→ TRY IT: Please repeat each line below exactly, with no images in the copy.

→ INFORMATION PROVIDED:
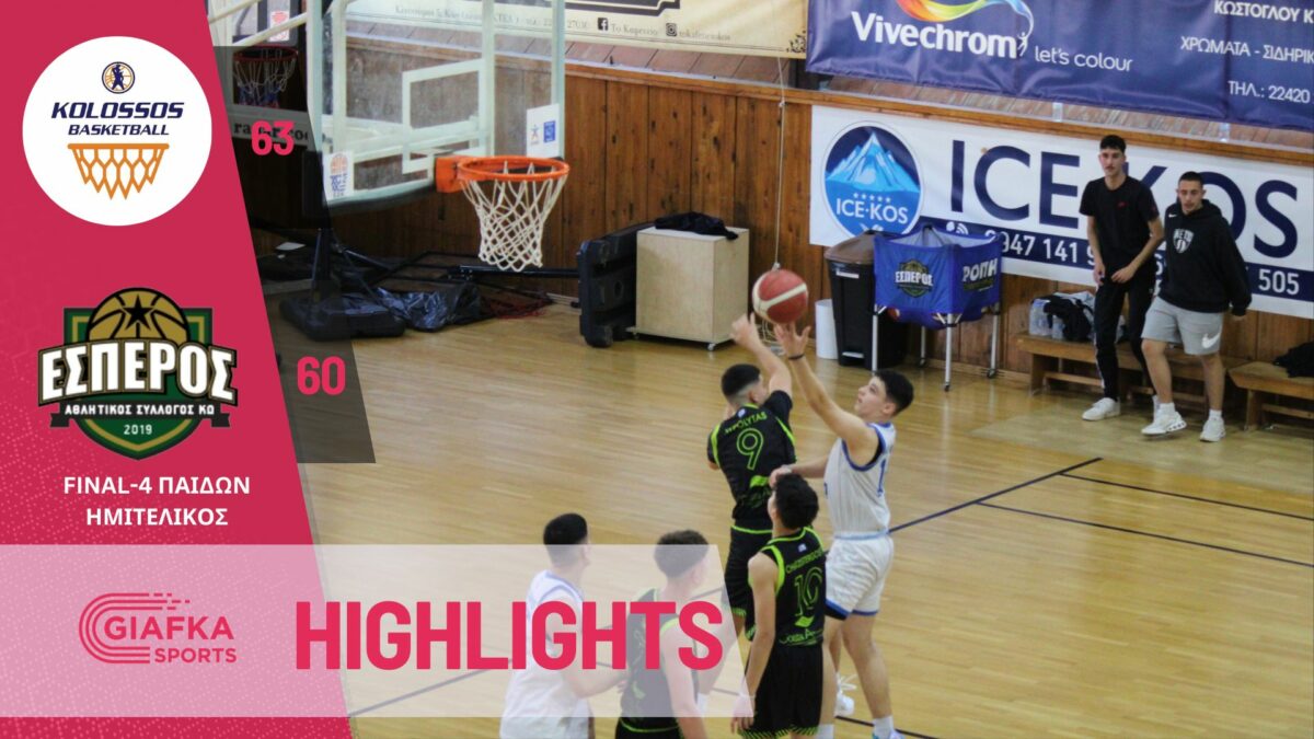 Ο Κολοσσός ήταν ο νικητής στον πρώτο ημιτελικό του Final-4 των παίδων αφού επικράτησε με 63-60 του Εσπέρου. Δείτε τα highlights της αναμέτρησης απ’ το giafkasports.gr
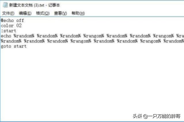 3、在打开的文档输入以下代码:@echo off color 02 :start echo %random% %random% %random% %rangom% %random% %random% %rangom% %random% %random% %random% %random% %random% %rangom% %random% %random% %rangom% %random% %random%goto start
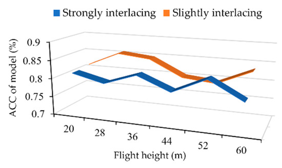 Figure 19 shows the accuracy of the model using photos taken at different flight heights. When the branches were not heavily crossed, the ACC value at 28 m was the highest. As the interweaving situation became more complex, however, the ACC declined. Pearson correlation coefficient (PCC) was introduced to measure the strength of the linear relationship between the model accuracy and the flight altitude [51]. Based on the data in Figure 19, the values of Pearson’s correlation were −0.257 and −0.326, respectively, under different intermingling conditions, and −0.260 for total test images. The results show that the photographing heights have no obvious effects on the model accuracy.
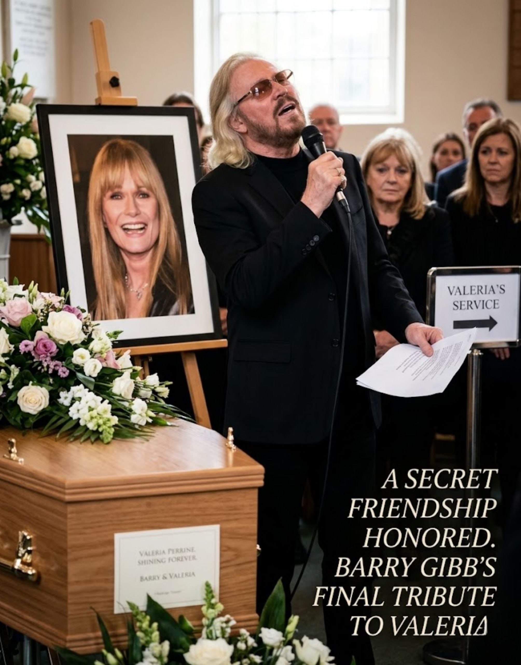 The image remains powerful: Barry Gibb standing beside Valerie Perrine’s coffin, offering a quiet tribute that brought a nearly forgotten friendship back into the light.
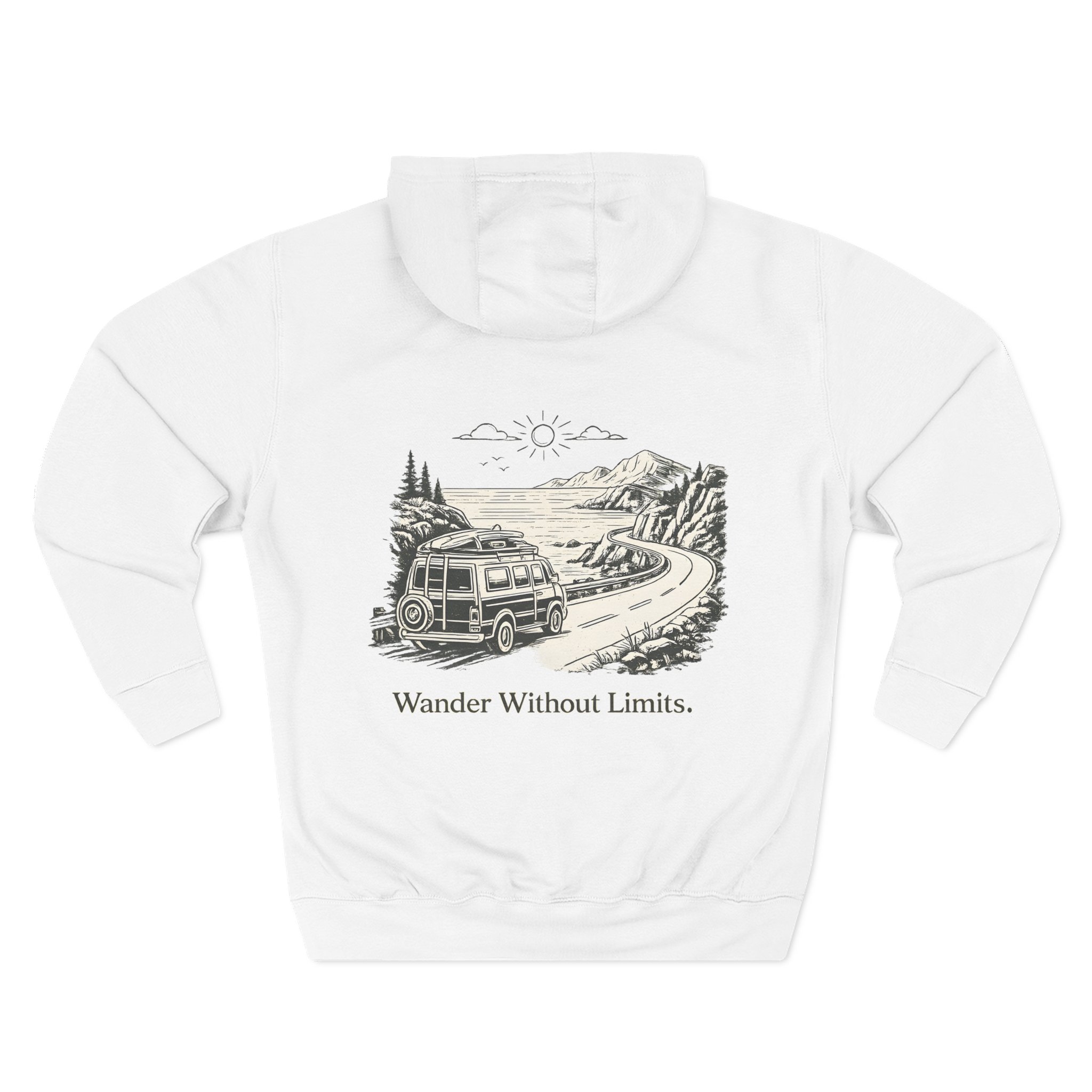 Three-Panel Fleece Hoodie – “Wander Without Limits” Design Minimal-Line
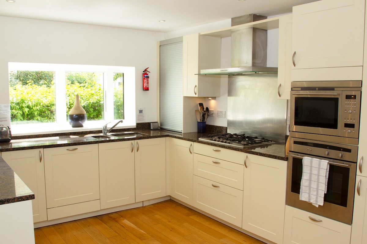 ¡Goosewing te da la bienvenida! Casa frente al lago con capacidad para 8 personas (+ 2 cunas de viaje) en 4 dormitorios más SALA DE JUEGOS en el entresuelo. SE ADMITEN PERROS y se encuentra dentro de una reserva natural privada de 500 acres. Lower Mill Estate ofrece instalaciones deportivas, lagos, senderos para caminar y andar en bicicleta, parque infantil, juegos suaves, acceso GRATUITO a piscinas y spa de lujo. Restaurante Ballihoo en el lugar. La divertida zona de reunión en el entresuelo permite que los niños/adolescentes se entretengan mientras los adultos se relajan.

→ FINISHED EXERCISE:
 Ο Κολοσσός ήταν ο νικητής στον πρώτο ημιτελικό του Final-4 των παίδων αφού επικράτησε με 63-60 του Εσπέρου. Δείτε τα highlights της αναμέτρησης απ’ το giafkasports.gr
 3、在打开的文档输入以下代码:@echo off color 02 :start echo %random% %random% %random% %rangom% %random% %random% %rangom% %random% %random% %random% %random% %random% %rangom% %random% %random% %rangom% %random% %random%goto start
 Figure 19 shows the accuracy of the model using photos taken at different flight heights. When the branches were not heavily crossed, the ACC value at 28 m was the highest. As the interweaving situation became more complex, however, the ACC declined. Pearson correlation coefficient (PCC) was introduced to measure the strength of the linear relationship between the model accuracy and the flight altitude [51]. Based on the data in Figure 19, the values of Pearson’s correlation were −0.257 and −0.326, respectively, under different intermingling conditions, and −0.260 for total test images. The results show that the photographing heights have no obvious effects on the model accuracy.
 The image remains powerful: Barry Gibb standing beside Valerie Perrine’s coffin, offering a quiet tribute that brought a nearly forgotten friendship back into the light.
 Three-Panel Fleece Hoodie – “Wander Without Limits” Design Minimal-Line
 ¡Goosewing te da la bienvenida! Casa frente al lago con capacidad para 8 personas (+ 2 cunas de viaje) en 4 dormitorios más SALA DE JUEGOS en el entresuelo. SE ADMITEN PERROS y se encuentra dentro de una reserva natural privada de 500 acres. Lower Mill Estate ofrece instalaciones deportivas, lagos, senderos para caminar y andar en bicicleta, parque infantil, juegos suaves, acceso GRATUITO a piscinas y spa de lujo. Restaurante Ballihoo en el lugar. La divertida zona de reunión en el entresuelo permite que los niños/adolescentes se entretengan mientras los adultos se relajan.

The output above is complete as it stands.